Mumbai:Saying the fundamental right to protection of life and liberty guaranteed by Article 21 of the constitution applied to everyone, including prisoners, the Bombay High Court on Tuesday said it will consider alleged Maoist leader Nirmala Uppuganti's plea seeking transfer from prison to a hospice "from all angles" permissible under the law.

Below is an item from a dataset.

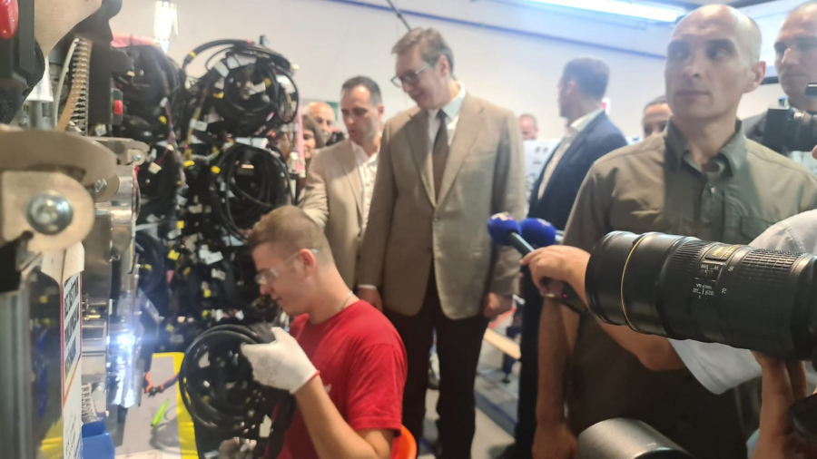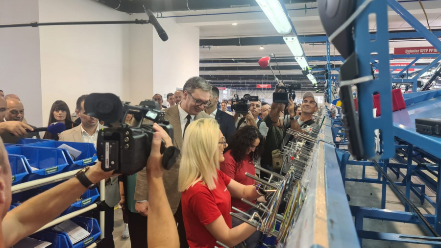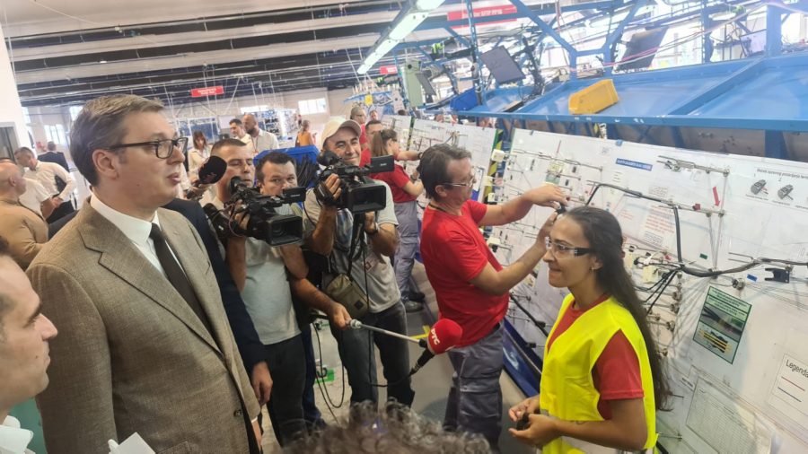 Predsednik Srbije Aleksandar Vučić je imao priliku da zajedno sa radnicima obiđe fabriku, kao i da porazgovara sa brojnim zaposlenima.

A bench of Justices SS Shinde and NJ Jamadar reserved its order on Uppuganti's plea seeking such transfer.
An accused in the 2019 Gadchiroli IED blast case, Uppuganti had filed a plea in the HC earlier this month seeking that she be shifted from the Byculla women's prison to a hospice as she is terminally ill with cancer.
At least 15 security personnel of the Gadchiroli Quick Response Team and one civilian were killed in an IED explosion triggered by Naxals in Maharashtra's Gadchiroli district on May 1, 2019.
In her plea filed through senior counsel Yug Chaudhry and advocate Payoshi Roy, Uppuganti asked to be shifted to a hospice for palliative care so that she will be "properly taken care of during her final days".
On Tuesday, Roy told the bench that Uppuganti's had metastatic cancer that had spread to her lungs and other organs. She said that Uppuganti, an undertrial, had reached stage four of cancer and deserved adequate medical care in her last days of life.
The state's counsel Sangeeta Shinde, however, opposed Uppuganti's plea.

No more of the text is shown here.